Updates affected tests to cover both modes and to reflect differing HTTP error classifications.

Reviewed changes

Copilot reviewed 19 out of 19 changed files in this pull request and generated 1 comment.

Show a summary per file

File	Description
`rest/server_context.go`	Propagates startup `unsupported.use_gocb_fast_fail_retry` into per-db `BucketSpec`.
`rest/main.go`	Adds bootstrap option plumbing and passes retry-mode into `CouchbaseClusterSpec`.
`rest/database_init_manager.go`	Passes retry-mode into `NewClusterOnlyN1QLStore` for index initialization.
`rest/config_startup.go`	Adds `UseGOCBFastFailRetry` to `UnsupportedConfig`.
`rest/config_flags.go`	Registers `--unsupported.use_gocb_fast_fail_retry` startup flag.
`rest/adminapitest/admin_api_test.go`	Updates admin API tests to validate behavior/status differences in both retry modes.
`docs/api/components/schemas.yaml`	Documents the new startup `unsupported.use_gocb_fast_fail_retry` property in OpenAPI schema.
`db/indextest/util.go`	Updates N1QL store construction to include retry-mode parameter.
`db/indextest/indextest_test.go`	Updates N1QL store construction to include retry-mode parameter.
`db/indextest/indextest_dual_metadata_test.go`	Updates N1QL store construction to include retry-mode parameter.
`base/gocb_utils.go`	Adds `goCBRetryStrategy` helper returning fail-fast vs best-effort strategy.
`base/gocb_utils_test.go`	Adds unit test coverage for `goCBRetryStrategy`.
`base/collection.go`	Makes cluster/bucket readiness retry strategy configurable via `BucketSpec.UseGOCBFastFailRetry`.
`base/collection_n1ql.go`	Threads retry-mode into N1QL index manager creation.
`base/collection_n1ql_common.go`	Uses configurable retry strategy for index enumeration (`GetAllIndexes`).
`base/cluster_n1ql.go`	Extends `NewClusterOnlyN1QLStore` to store retry-mode and pass into index manager.
`base/bucket.go`	Adds `UseGOCBFastFailRetry` to `BucketSpec`.
`base/bucket_gocb_test.go`	Updates incorrect-login test expectations for both retry modes (fast-fail vs timeout).
`base/bootstrap.go`	Adds retry-mode to `CouchbaseClusterSpec`/`CouchbaseCluster`, applies configurable readiness retry, and maps non-auth bucket readiness failures to 502.

torcolvin

To discuss with team, but my preference is to not make this configurable since I can't imagine people opting into this - the reason to opt in would be if you expect to make typos or credential problems and this is mostly useful when initially setting up Sync Gateway. In a production environment, you would want retry behavior to make sure that connections are robust to things like:

one bad node in a connection string or in SRV records.
If there is another issue like https://jira.issues.couchbase.com/browse/GOCBC-1812 where operator can surface nodes to connect to that aren't ideal.
One node that is temporarily offline or flickering.

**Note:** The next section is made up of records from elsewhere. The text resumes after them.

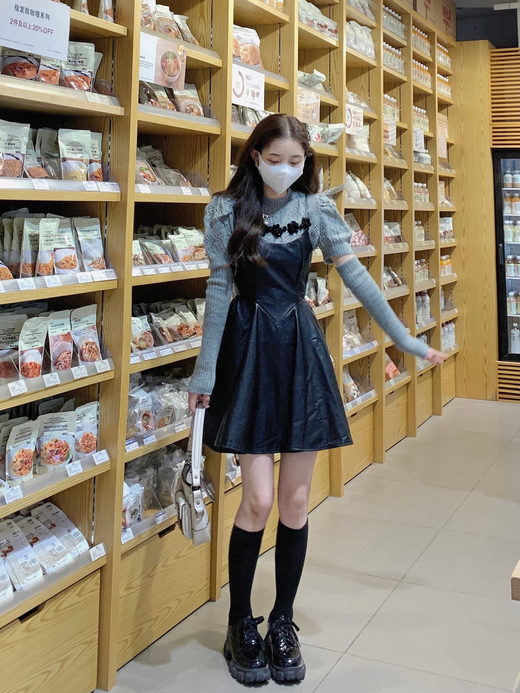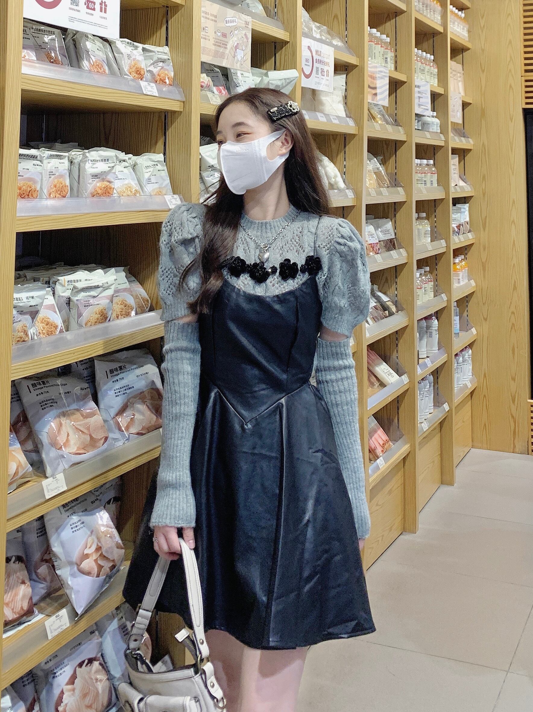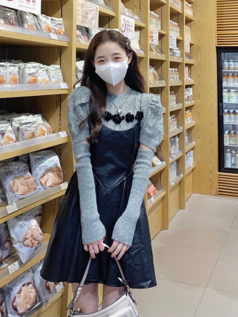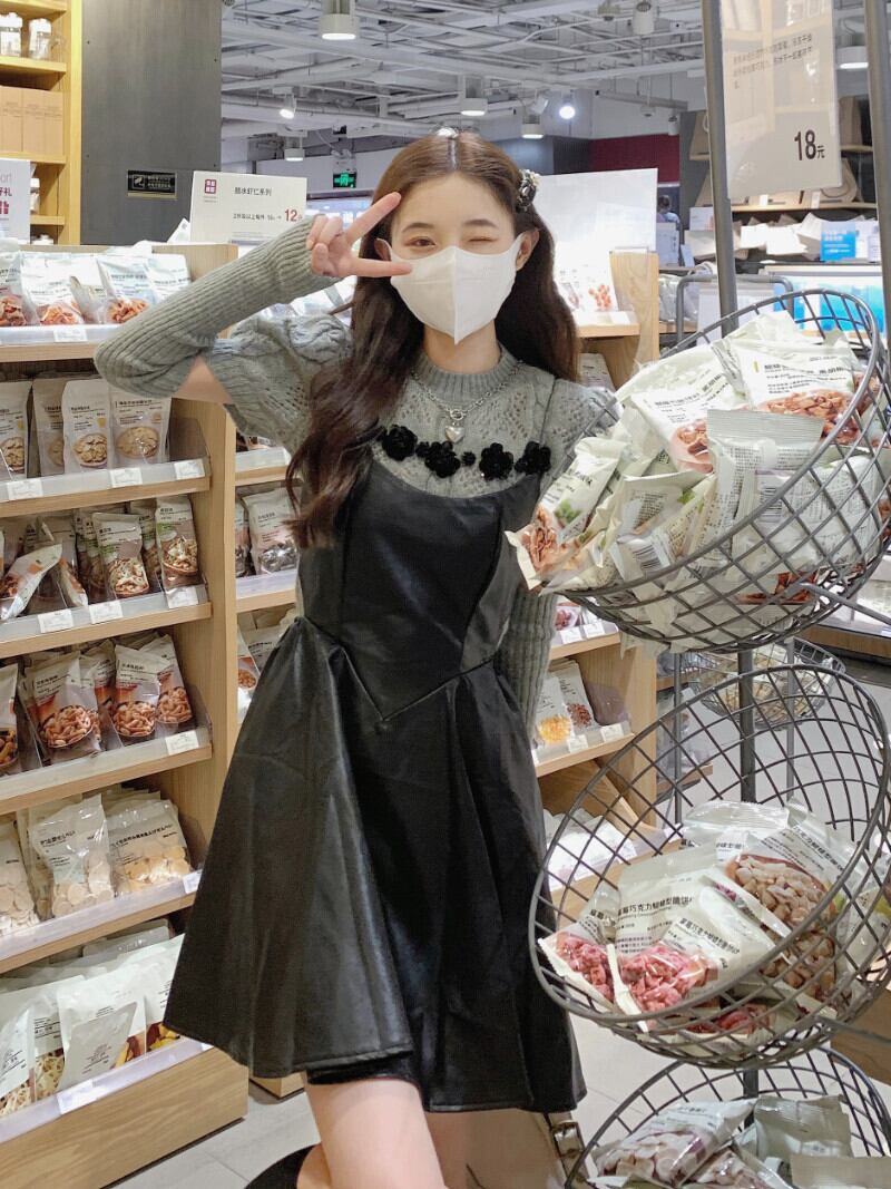 スーツ レディース スリム ストラップ レザー ドレス 立体フラワー ニット セーター トップ ツーピース セット 服 フラワーデザイン got85106789925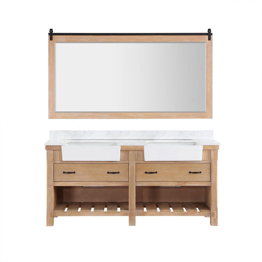 Vinnova Villareal 72" Double Bath Vanity In Weathered Pine With Composite Stone Top In White Finish And White Farmhouse Basin And Mirror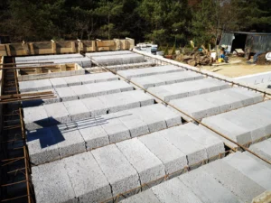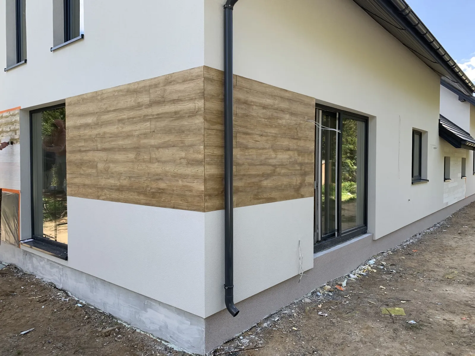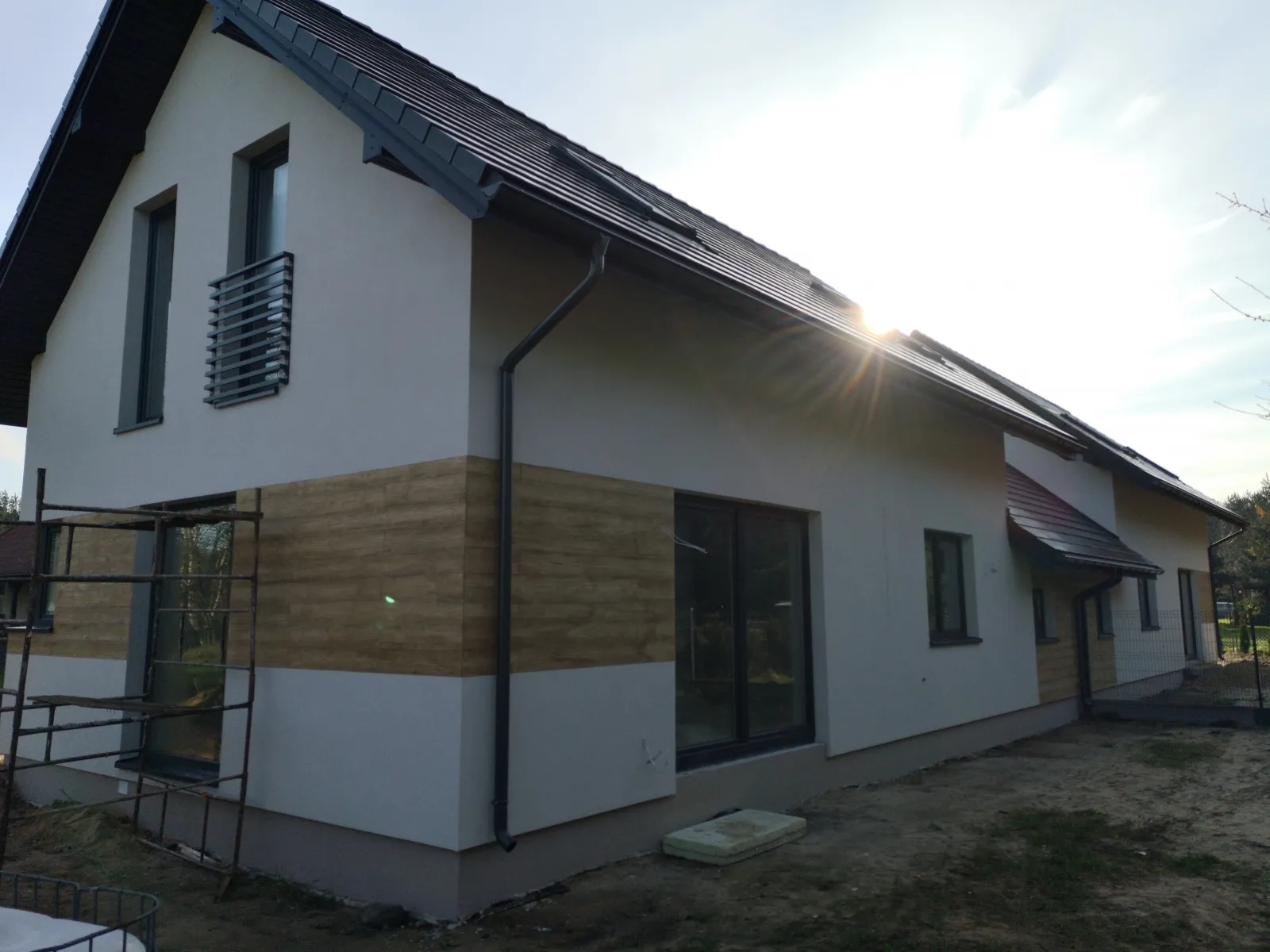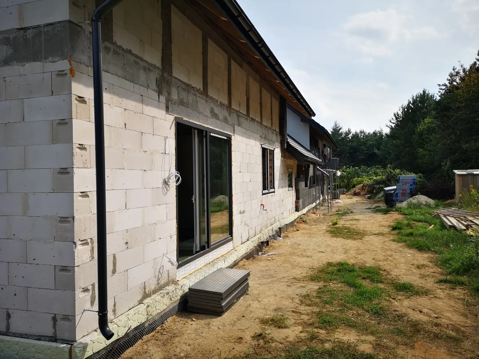 Casa duplex construită pe fundații tradiționale, adică cu grinzi și ziduri de fundație armate. Pereții exteriori ai parterului și etajului clădirii au fost construți din beton celular. A fost utilizat plafon teriva. Structura acoperișului a fost realizată în mod tradițional din lemn de conifere impregnat conform proiectului. De afară, a fost acoperit cu țiglă betonată plată. A fost montată tâmplăria pentru ferestre și uși.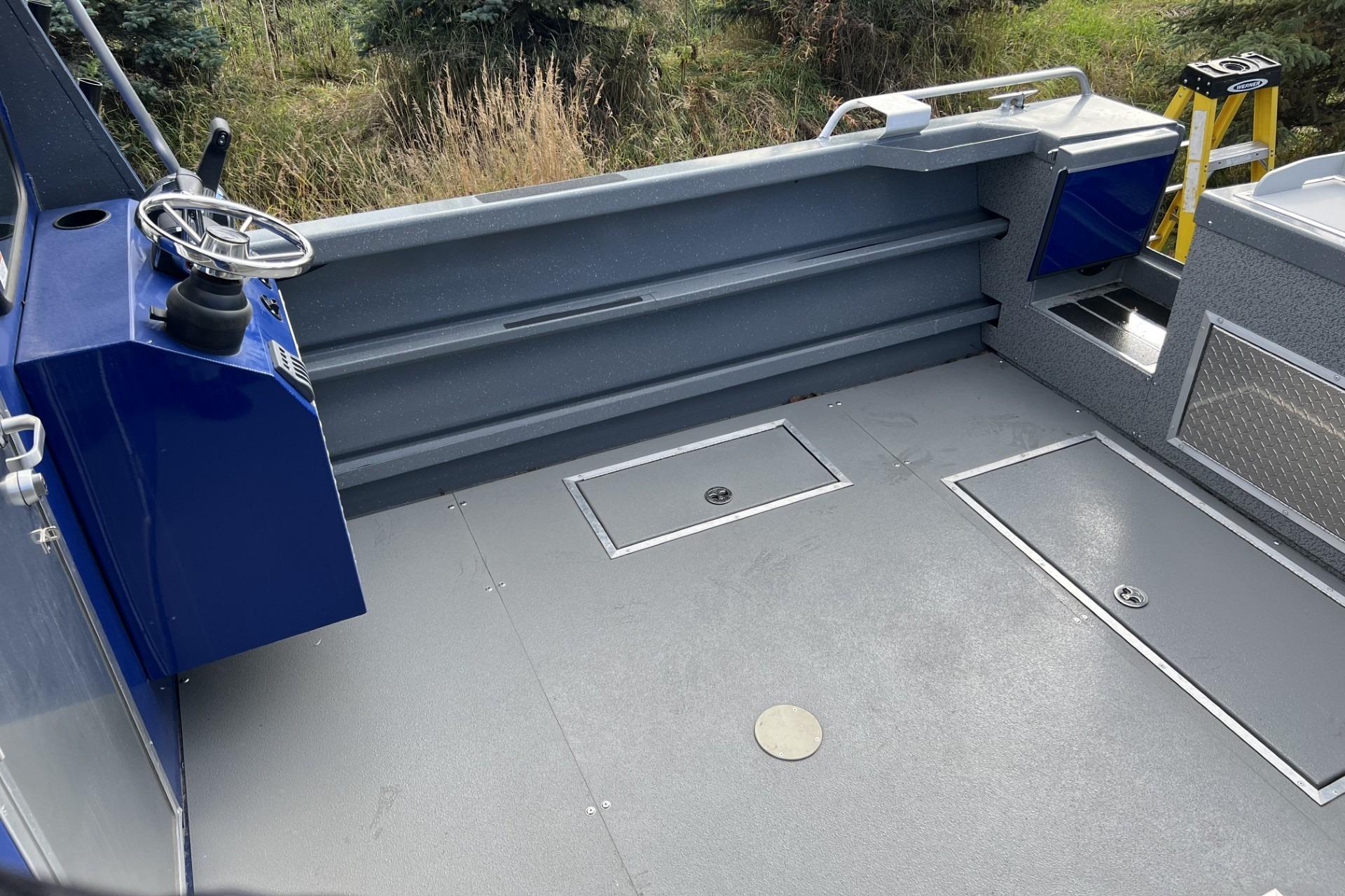 • Self-Bailing Cockpit with Non-Skid Aluminum flooring Integrated Cockpit Side Tray/ Toe Hold

torcolvin · 2026-05-28T14:08:01Z

 	err = b.WaitUntilReady(time.Second*10, &gocb.WaitUntilReadyOptions{
 		DesiredState:  gocb.ClusterStateOnline,
-		RetryStrategy: &goCBv2FailFastRetryStrategy{},
+		RetryStrategy: goCBRetryStrategy(cc.useGOCBFastFailRetry),


This is a nit but I find the capitalization on this to be somewhat sanity inducing:

I'd prefer: gocbRetryStrategy to goCBRetryStrategy.

I think for this function, I would do something like: func (cc *CouchbaseCluster) getRetryStrategy() to make this code easier to read.

torcolvin · 2026-05-28T14:10:44Z

 	ViewQueryTimeoutSecs          *uint32        // the view query timeout in seconds (default: 75 seconds)
 	MaxConcurrentQueryOps         *int           // maximum number of concurrent query operations (default: DefaultMaxConcurrentQueryOps)
 	BucketOpTimeout               *time.Duration // How long bucket ops should block returning "operation timed out". If nil, uses GoCB default.  GoCB buckets only.
+	UseGOCBFastFailRetry          bool           // When true, gocb readiness checks and index lookups fail fast instead of using the best-effort retry strategy


What do you think about doing something like: InitialConnectionRetryStrategy *gocb.RetryStrategy with something like "If unset, use the default retry strategy for sync gateway.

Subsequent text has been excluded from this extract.